Nu zou ik u graag wat informatie geven over de verschillende
screeningsmogelijkheden ivm darmkanker. “Er zijn een aantal testen die men kan laten doen als preventie voor
darmkanker, of ten minste om de darmkanker te ontdekken voordat het uitgezaaid is”:
- Leg FOBT uit.
“Dit is een onderzoek waarbij men vraagt om zelf op 3 opeenvolgende dagen een stoelgangsstaal te verzamelen. Deze stalen onderzoekt men
op de aanwezigheid van bloed, aangezien men weet dat darmkanker de
neiging heeft om af en toe te bloeden, maar dat het bloed vaak
onzichtbaar is voor het blote oog. Indien er bloed gevonden wordt,
dient men een colonoscopie te plannen. Het onderzoek dient elke 1 à 2
jaar herhaald te worden, en kent geen complicaties. ”
• Heeft u nog vragen over dit onderzoek? Ziet u zichzelf ooit dit
onderzoek laten doen? Waarom wel? Waarom niet?
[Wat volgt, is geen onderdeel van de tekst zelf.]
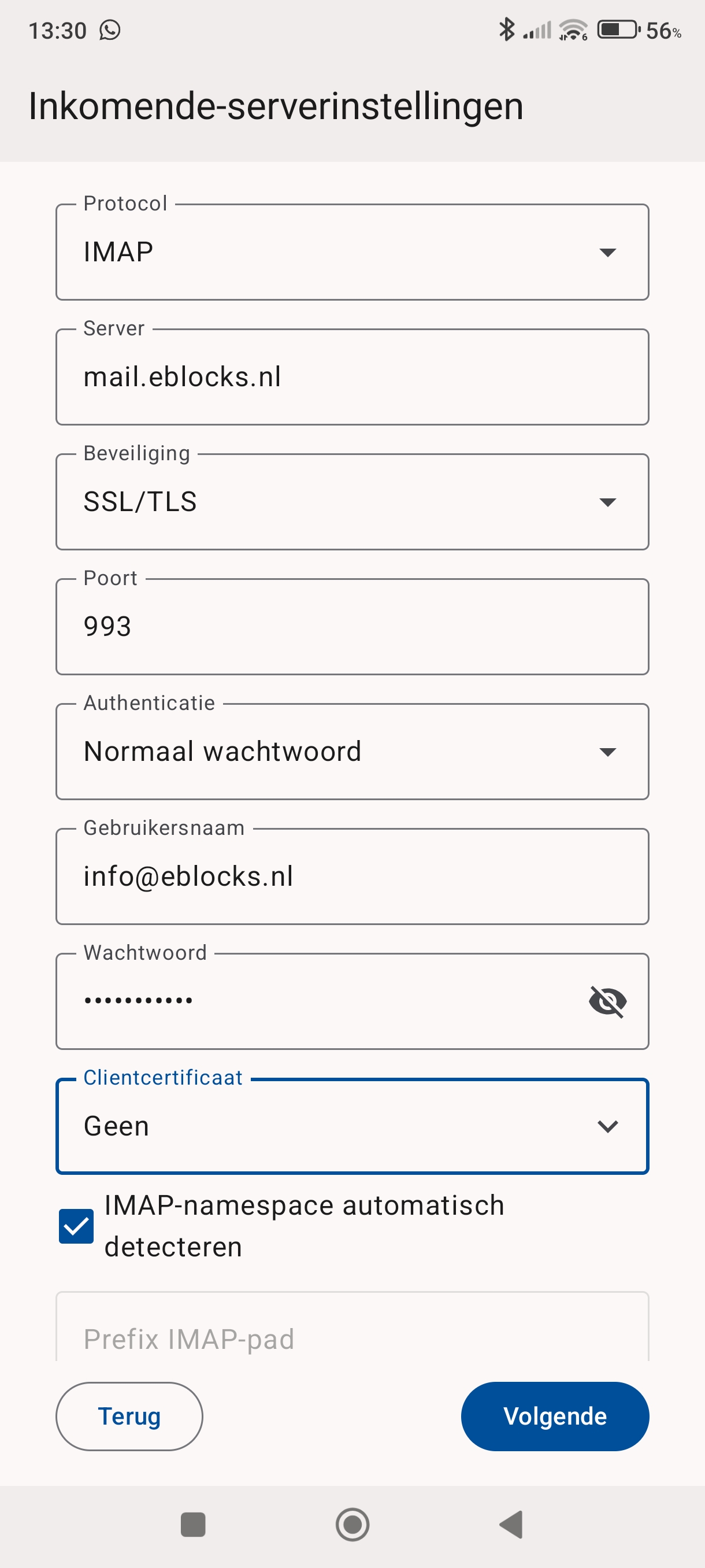 Server voor inkomende email: mail.uwdomein.nl (Poort 465 SSL/TLS)

• Zou u zelf de resultaten aflezen? Of via het labo? Wat is volgens u het verschil? Waarop zou u uw keuze baseren? Wat zijn
belangrijke argumenten voor u?
- Leg sigmoidoscopie uit.
“Dit is een onderzoek dat een lichte voorbereiding van de darm vergt
via een lavement/klysma, om zo het laatste deel van de darm vrij van stoelgang te maken. Nadien gaat men met een flexibele slang in het
laatste deel van de dikke darm kijken of er verdachte letsels zichtbaar zijn. Men weet dat in dat deel van de darm de meeste kankers zitten. De
procedure gebeurt onder een roesverdoving en dient elke 5jaar te gebeuren.”
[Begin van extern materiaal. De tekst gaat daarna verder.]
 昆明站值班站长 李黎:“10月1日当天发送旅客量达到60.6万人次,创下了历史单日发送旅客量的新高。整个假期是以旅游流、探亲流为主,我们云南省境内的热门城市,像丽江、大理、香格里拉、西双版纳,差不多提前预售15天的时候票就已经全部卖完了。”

• Heeft u nog vragen over dit onderzoek? Ziet u zichzelf ooit dit
onderzoek laten doen? Waarom wel? Waarom niet?
- Leg colonoscopie uit.
“Dit onderzoek is vergelijkbaar met het voorgaande, maar toch iets
ingrijpender. Er is een betere voorbereiding van de darm noodzakelijk
en het vergt meestal een dagopname in het ziekenhuis. Eerst dien je
een sterk laxerende vloeistof te drinken om de darmen stoelgangvrij te
krijgen. Nadien bekijkt de arts met een flexibele slang via de anus de
gehele dikke darm op verdachte letsels. Van eventueel aanwezige letsels kan een stukje weefsel worden weggenomen om in het labo te
onderzoeken. De procedure gebeurt onder een roesverdoving (of algemene verdoving). Bij dit onderzoek bestaat er een risico van
bloeding of van perforatie van de darm. Dit onderzoek voert men in het kader van kankerscreening elke 10 jaar uit.”
• Heeft u nog vragen over dit onderzoek? Ziet u zichzelf ooit dit
onderzoek laten doen? Waarom wel? Waarom niet?
• Mocht uw patient u vragen om een onderzoek te laten doen in de preventie van
darmkanker, zou u dat zien zitten/daarin meegaan? Waarom wel? Waarom niet?
• Als u nu zou moeten kiezen tussen de verschillende mogelijke screenings-onderzoeken
voor darmkanker, welk onderzoek zou u uw patiënt aanraden? Waarom? o FOBT
o Sigmoidoscopie o Colonoscopie
o Wat mijn huisarts mij aanraadt
o Ik weet het niet
o Ik zou me niet laten screenen
• Welk onderzoek zou u voor uzelf kiezen om te ondergaan? Waarom?
• Wat zou volgens u de reden kunnen zijn dat sommige mensen zich wel laten screenen,
en anderen niet?
• Hoe denkt u dat mensen zouden kunnen aangespoord worden om zich te laten screenen voor darmkanker?